WHAT YOU WILL DO: With the images removed, write out every line below exactly.

DATA SECTION:
◇ ◇ ◇
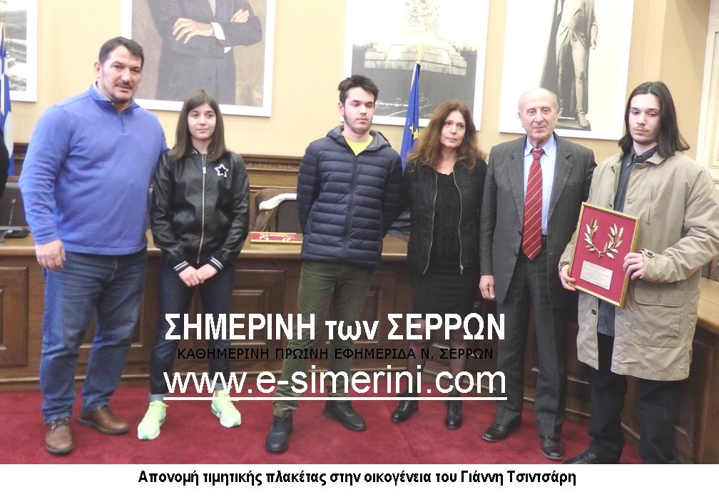 Από τον κ. Μωυσιάδη έγινε ειδική μνεία στον αείμνηστο Σερραίο Ολυμπιονίκη Γιάννη Τσιντσάρη που ανέδειξε τις Σέρρες με τις επιτυχίες του. Ο αντιπεριφερειάρχης Σερρών απένειμε στην οικογένεια του αείμνηστου Σερραίου Ολυμπιονίκη ,Γιάννη Τσιντσάρη, τιμητική πλακέτα ως ένδειξη αναγνώρισης της προσφοράς του και τιμής στην μνήμη του. Η σύζυγος του και τα παιδιά του Γιάννη Τσιντσάρη που έφυγε νωρίς από την ζω, παρέλαβαν συγκινημένοι την τιμητική πλακέτα.
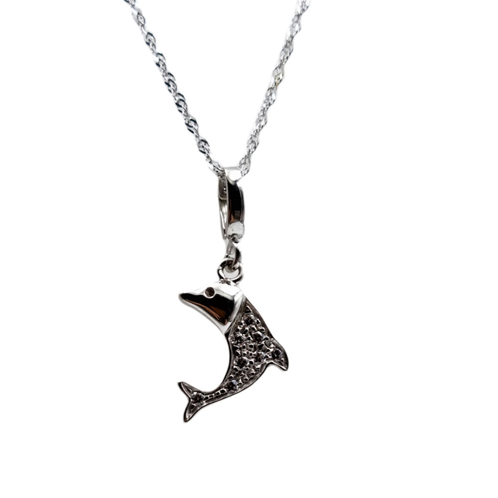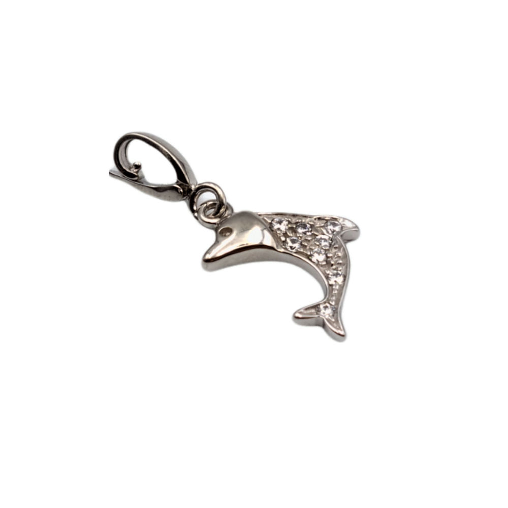 Δελφινάκι κρεμαστό από λευκόχρυσο Κ14 διακοσμημένο με πέτρες ζιργκόν λευκές.
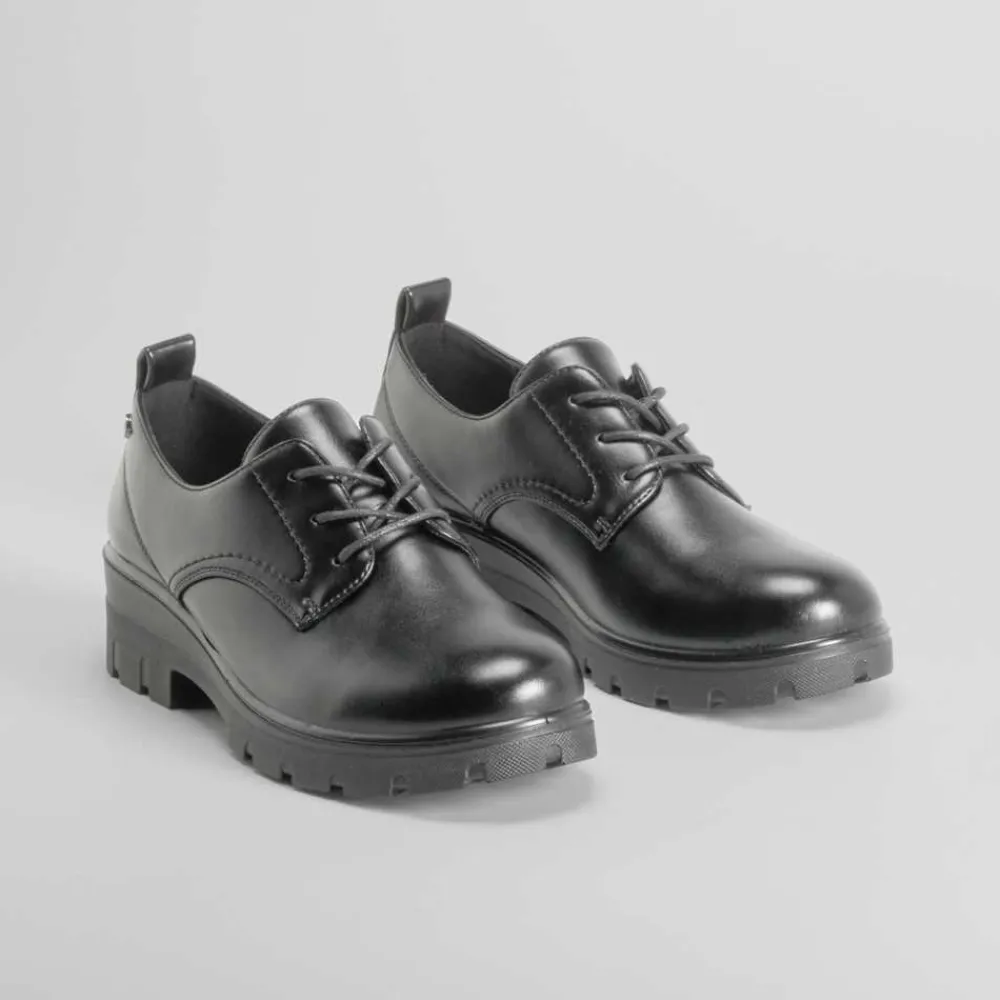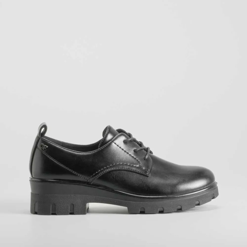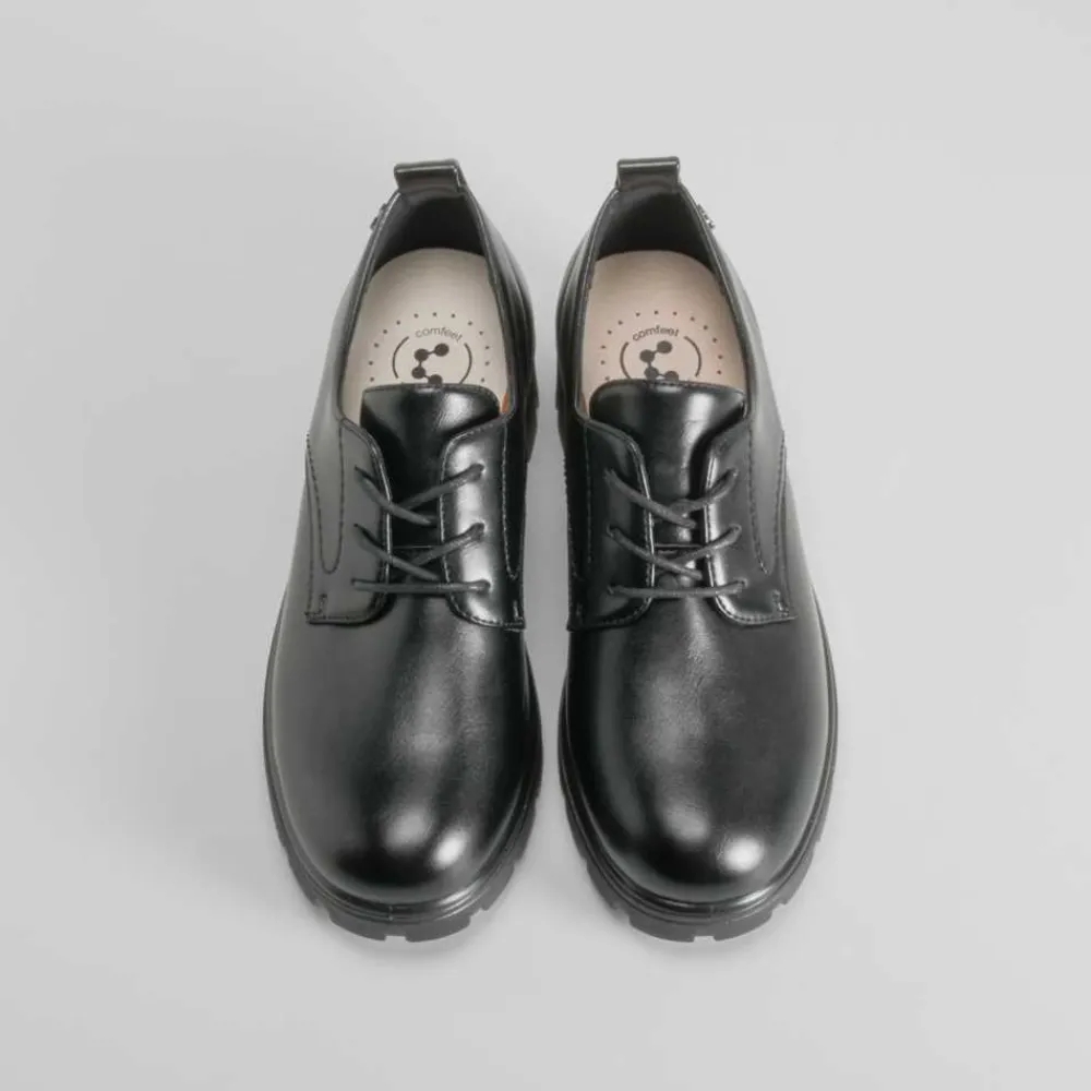 Blucher negro de tacón ancho y bajo de la marca COMFEET. Modelo cordones encerados y tirador en la parte posterior.
◇ ◇ ◇
RESPONSE AREA:
 Από τον κ. Μωυσιάδη έγινε ειδική μνεία στον αείμνηστο Σερραίο Ολυμπιονίκη Γιάννη Τσιντσάρη που ανέδειξε τις Σέρρες με τις επιτυχίες του. Ο αντιπεριφερειάρχης Σερρών απένειμε στην οικογένεια του αείμνηστου Σερραίου Ολυμπιονίκη ,Γιάννη Τσιντσάρη, τιμητική πλακέτα ως ένδειξη αναγνώρισης της προσφοράς του και τιμής στην μνήμη του. Η σύζυγος του και τα παιδιά του Γιάννη Τσιντσάρη που έφυγε νωρίς από την ζω, παρέλαβαν συγκινημένοι την τιμητική πλακέτα.
 Δελφινάκι κρεμαστό από λευκόχρυσο Κ14 διακοσμημένο με πέτρες ζιργκόν λευκές.
 Blucher negro de tacón ancho y bajo de la marca COMFEET. Modelo cordones encerados y tirador en la parte posterior.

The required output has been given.